The result: a generation of African adults — particularly women — who grew up hearing that they were bright but lazy, that they had potential they were wasting, that they needed to try harder. Who compensated through enormous effort and intelligence, sometimes reaching high levels of professional achievement — while experiencing the private exhaustion of a brain working twice as hard as neurotypical peers to achieve the same results.
Case study: Amara, finally understood at 36
Amara, 36, a solicitor from Ghana based in London, came to see me initially for anxiety. She described constant overwhelm, difficulty managing her workload despite long hours, feeling like she was "always drowning" despite being technically excellent at her job.
As we talked, a pattern emerged. She had always been like this — she had just always found ways around it. At school she had been "the smart one who needed to work harder." At university she had pulled all-nighters and relied on adrenaline-fuelled deadline pressure to complete work. As a solicitor she had developed elaborate systems — multiple calendars, constant lists, alerts for everything — that exhausted her to maintain but without which she could not function.
She described reading the same paragraph 10 times before it would stick. Sitting at her desk for three hours unable to begin a task she knew exactly how to do. Being interrupted by a colleague and losing an entire morning's work from her working memory. Being told she was "scattered" in feedback.
I referred her for a private ADHD assessment — NHS waiting times in her area were over 2 years. The assessment confirmed combined-type ADHD. She began methylphenidate.
"The first morning I took it," she told me, "I sat at my desk, opened a document, and wrote for three hours. I cried. I had never known what that was like. I thought everyone had to fight this hard."
Getting diagnosed — the pathway
NHS pathway: Referral from GP to adult ADHD service. Waiting times currently range from 6 months to over 3 years depending on area. The Right to Choose scheme allows patients to access alternative NHS-commissioned ADHD providers with shorter waits — ask your GP specifically about this option.

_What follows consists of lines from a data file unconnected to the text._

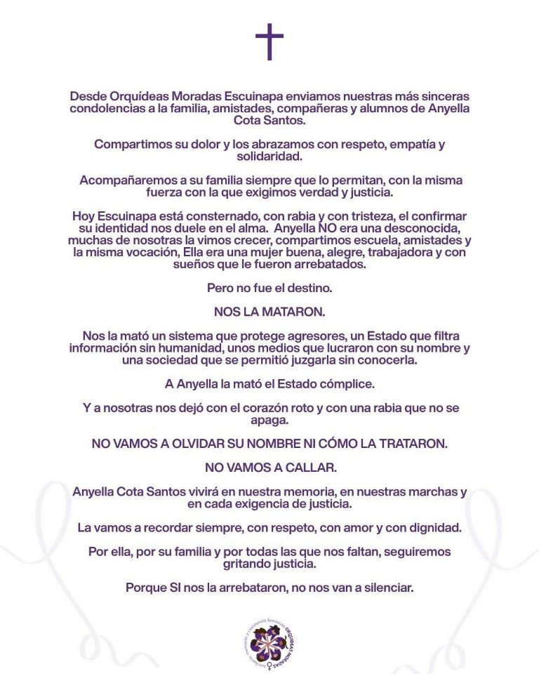 En otro fragmento del comunicado, el colectivo feminista aseguró que la maestra era conocida y muy querida por su comunidad: “hoy Escuinapa está consternado, con rabia y tristeza. Confirmar su identidad nos duele en el alma. Anyella no era una desconocida; muchas de nosotras la vimos crecer, compartimos escuela, amistades y la misma vocación. Era una mujer buena, alegre, trabajadora y con sueños que le fueron arrebatados.”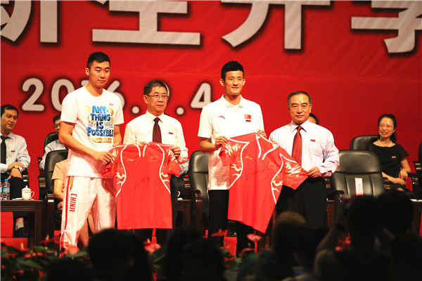 谌龙、洪炜的授课老师代表王丽霞、陈少牧也被请到了活动现场。谈起自己的学生在奥运赛场上获得佳绩,两位老师开心得合不拢嘴,纷纷表示“非常高兴”。王丽霞告诉记者,“谌龙不仅训练刻苦,对待学习也很认真、很谦逊,经常和我讨论专业上的问题,就和普通学生一样。”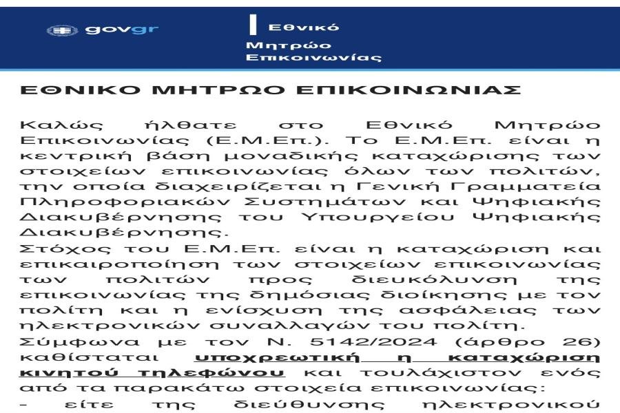 Όσοι ΔΕΝ επιθυμούν κάτι τέτοιο, θα πρέπει ΑΜΕΣΑ οι ίδιοι να εισέλθουν στο Έθνικό Μητρώο Επικοινωνίας (Ε.Μ.Επ.) και να το δηλώσουν ρητά έως το τέλος του έτους (31.12.2024) που είναι η διορία, μεταβαίνοντας στον παρακάτω σύνδεσμο: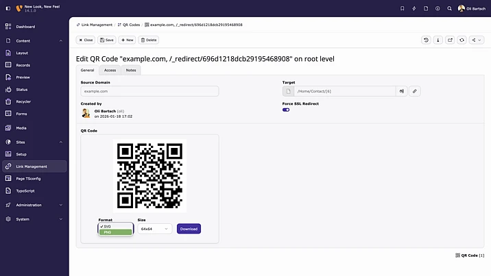 Beyond additional backend UI refinements, the sprint release also delivers a new backend module that allows editors to generate QR codes directly within the backend and link them to pages. With permanent URLs behind each code, this feature is particularly well suited for use with print materials.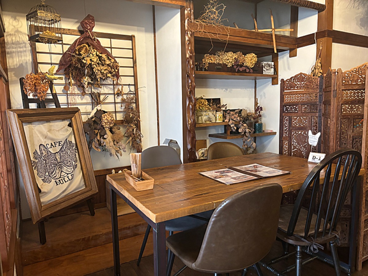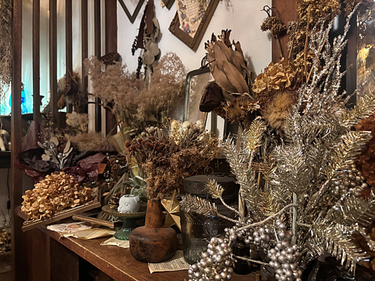 店内にはアンティークな家具やドライフラワー、可愛らしい雑貨が並びます。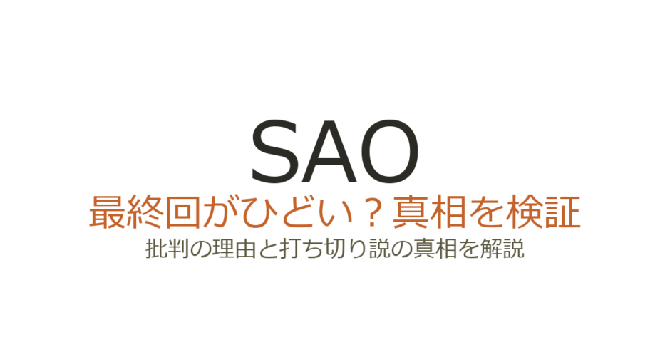 SAO(ソードアート・オンライン)のアニメ最終回は、突飛な展開や駆け足のストーリーが「ひどい」と批判を集めました。特にアリシゼーション War of Underworld最終話で描かれた200年後の宇宙展開が、多くの視聴者を困惑させています。この記事では、SAOの最終回がひどいと言われる具体的な理由と、作品が打ち切りだったのかどうかを解説します。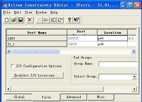 配置引脚连接在图11所示的画面中完成。在【Ports】页中,【Location】处输入图3中所示的引脚。例如:LED0被定为XC9536的第44脚,故在LED0一行输入p44,其他类推。Webpack Project Navigator就是这样将Verilog-HDL与硬件联系在一起的。配置完成后,从【File】中选择【Save】存盘,再选择【Exit】退出。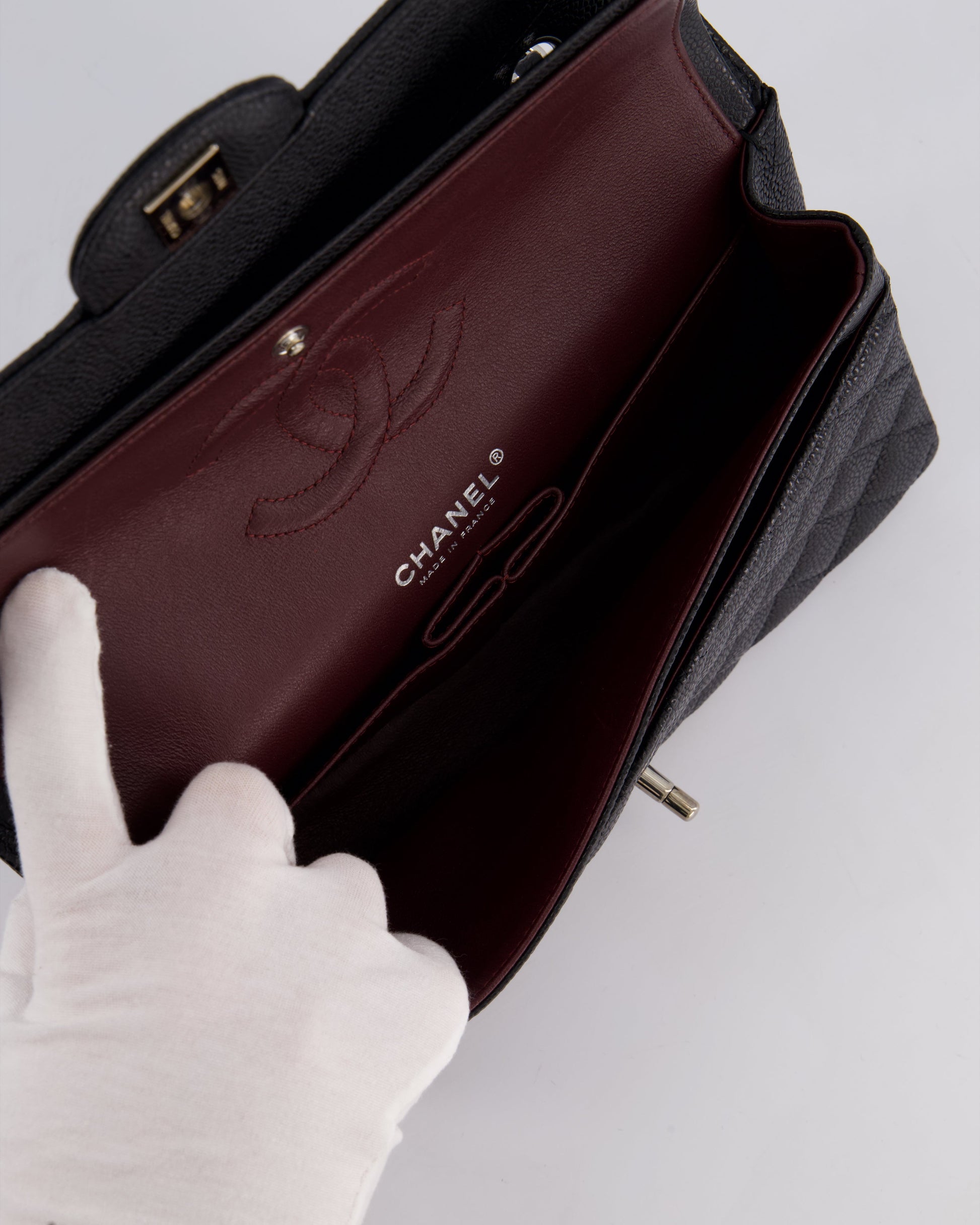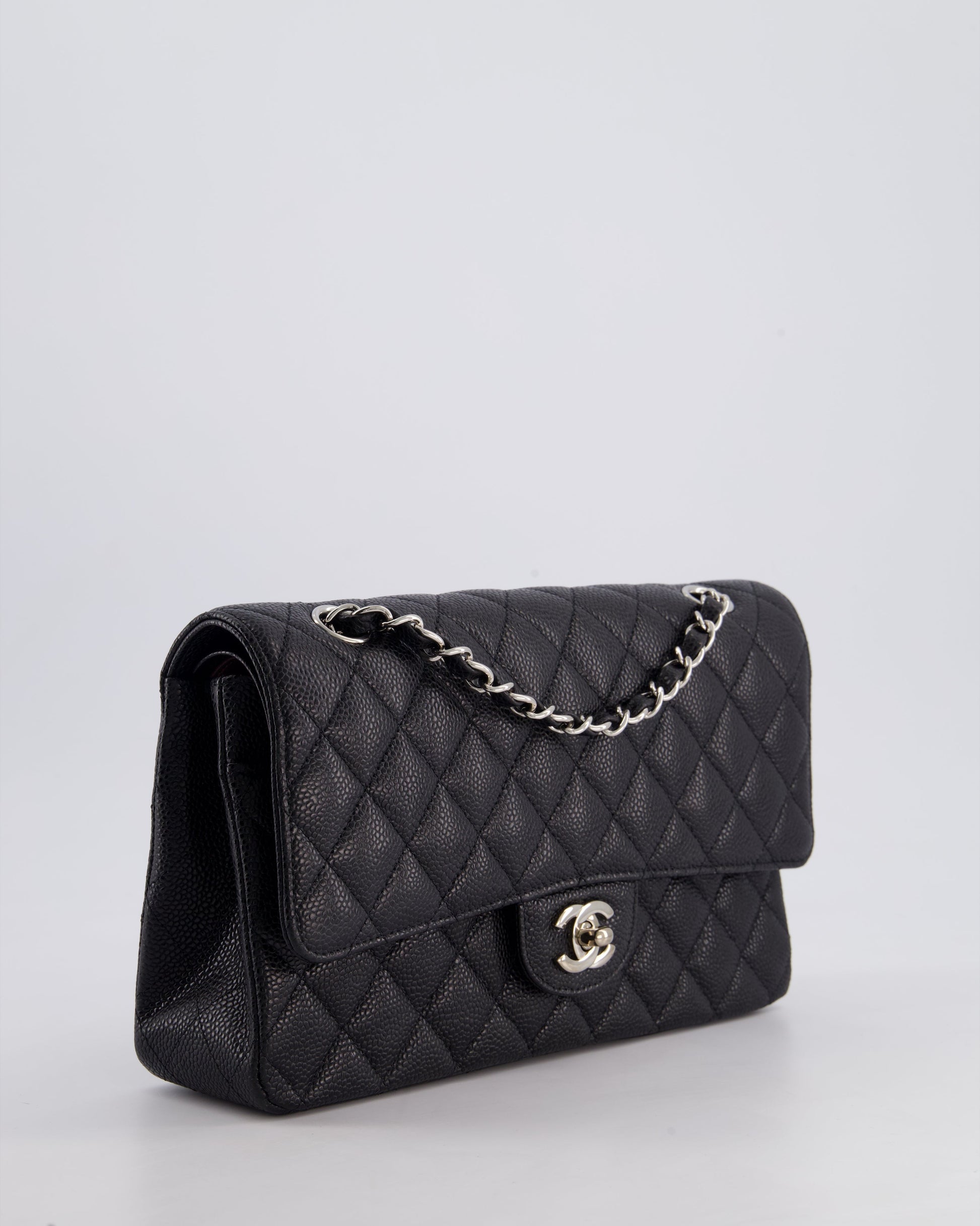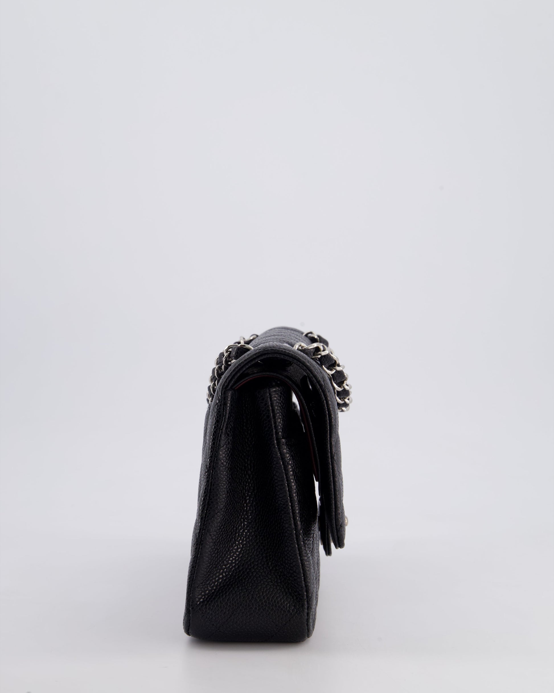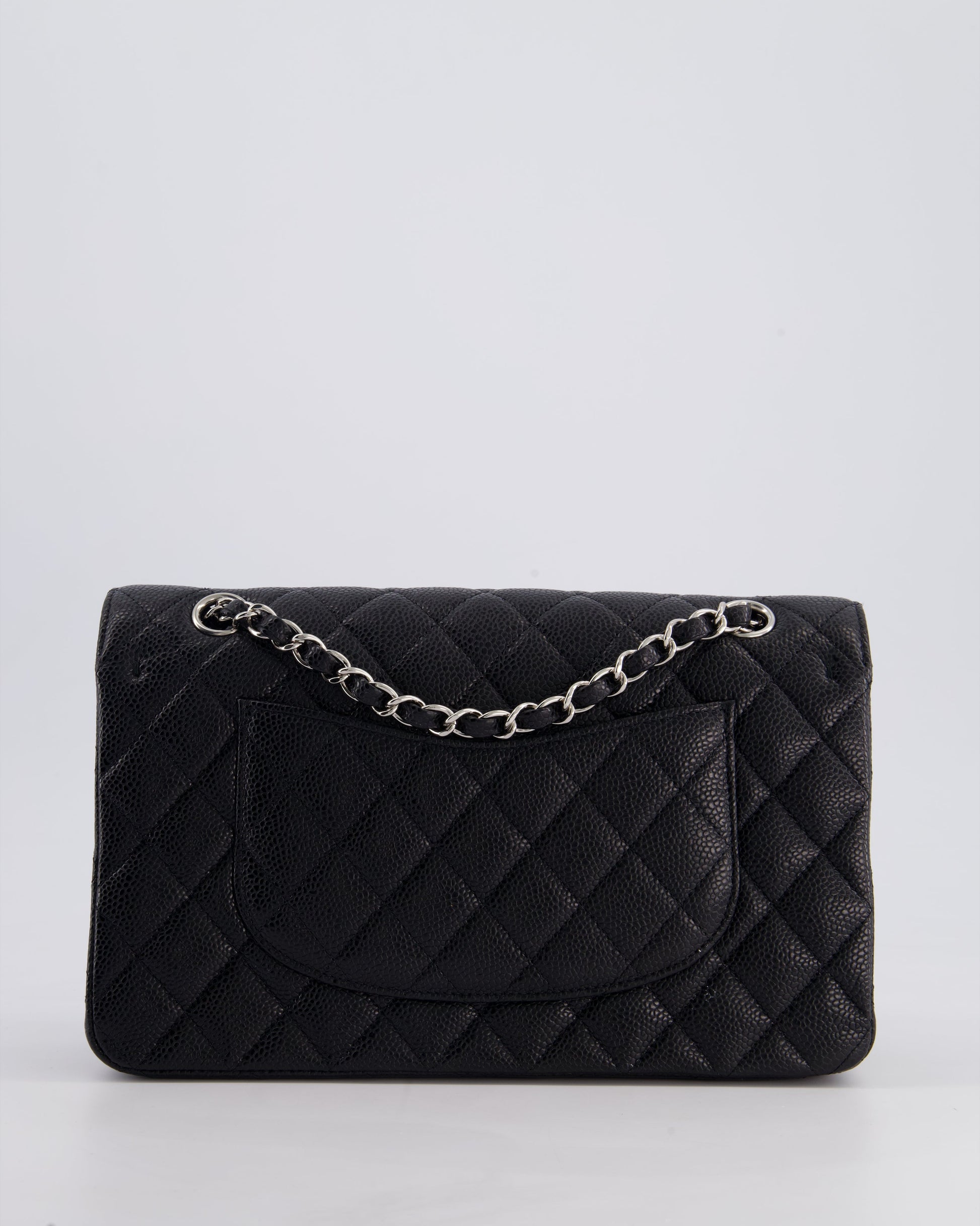 Chanel Medium Black Classic Double Flap Bag in Caviar Leather with Silver Hardware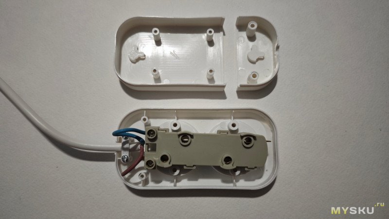 Блок розеток разборный, есть дополнительная крышка, позволяющая пользователю подключать и отключать провод на винтовом соединении. Используется шесть саморезов.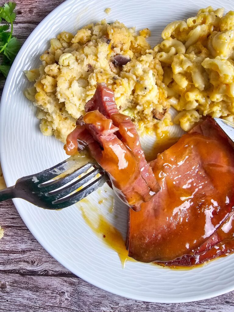I store leftovers in an airtight container in the fridge for about 4–5 days. I save some of the extra glaze to spoon over the ham when reheating so it stays juicy. When I’m ready to reheat, I warm the slices gently in the oven or microwave so they don’t dry out.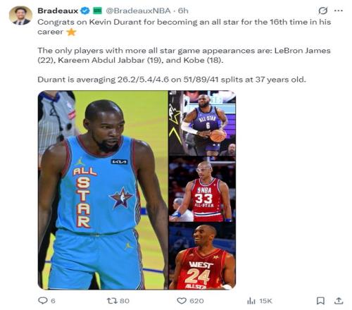 火記Bradeaux寫道,杜蘭特生涯第16次進入全明星,杜蘭特全明星次數(shù)歷史第四,僅次于詹姆斯22次,賈巴爾19次,科比18次。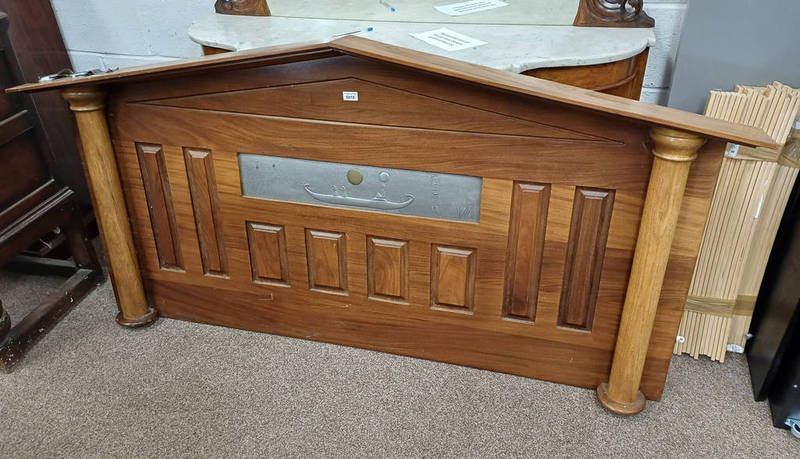 Eastern hardwood overmantle with columns & pewter insert depicting egyptian scene - stamped to back skatos with boat motif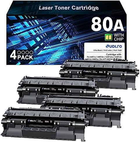 CF280A 80A Toner Cartridge Black Replacement for HP 80A CF280A 80X CF280X to use with Pro 400 M401dn M401dne M401n MFP M425dn M425dw P2055DN Printer (Black, 4-Pack)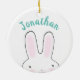 Cute funny peeking bunny cartoon personalized kids ceramic ornament

Private assessment: Available within weeks. Typically costs £600–1,200 for a full assessment. A private diagnosis can be "shared care" with your NHS GP for prescription management — though some GPs are reluctant and this requires negotiation.
What assessment involves: Structured clinical interview, symptom rating scales (self-report and ideally informant report from someone who knows you well), review of childhood functioning (school reports if available are helpful), and ruling out other conditions that can mimic ADHD (anxiety, depression, thyroid dysfunction, sleep disorders).
Treatment
Medication:
Stimulants (methylphenidate — Ritalin, Concerta; lisdexamfetamine — Vyvanse): First-line treatment with strong evidence. Work by increasing dopamine and noradrenaline in the prefrontal cortex — the brain's executive function centre. Many people describe the effect as "everything slowing down" or "being able to think in a straight line."
Non-stimulants (atomoxetine, guanfacine): Used when stimulants are contraindicated or not tolerated. Slower onset, may be preferable for people with anxiety or substance use history.
ADHD Coaching: Working with a coach trained in ADHD to develop systems, structures, and strategies tailored to how your brain works. Evidence-based and highly effective alongside medication.
CBT for ADHD: Adapted CBT addresses the emotional and cognitive consequences of ADHD — rejection sensitivity, shame, perfectionism, procrastination — alongside practical skills.
Sources: NICE Clinical Guideline NG87 — Attention Deficit Hyperactivity Disorder: Diagnosis and Management (2018, updated 2023); Hinshaw SP & Ellison K, ADHD: What Everyone Needs to Know, 2016; Young S et al, BMJ Open 2020 (ADHD in women); Faraone SV et al, Nature Reviews Disease Primers 2021; Kooij JJS et al, European Psychiatry 2019 (European Consensus on Adult ADHD).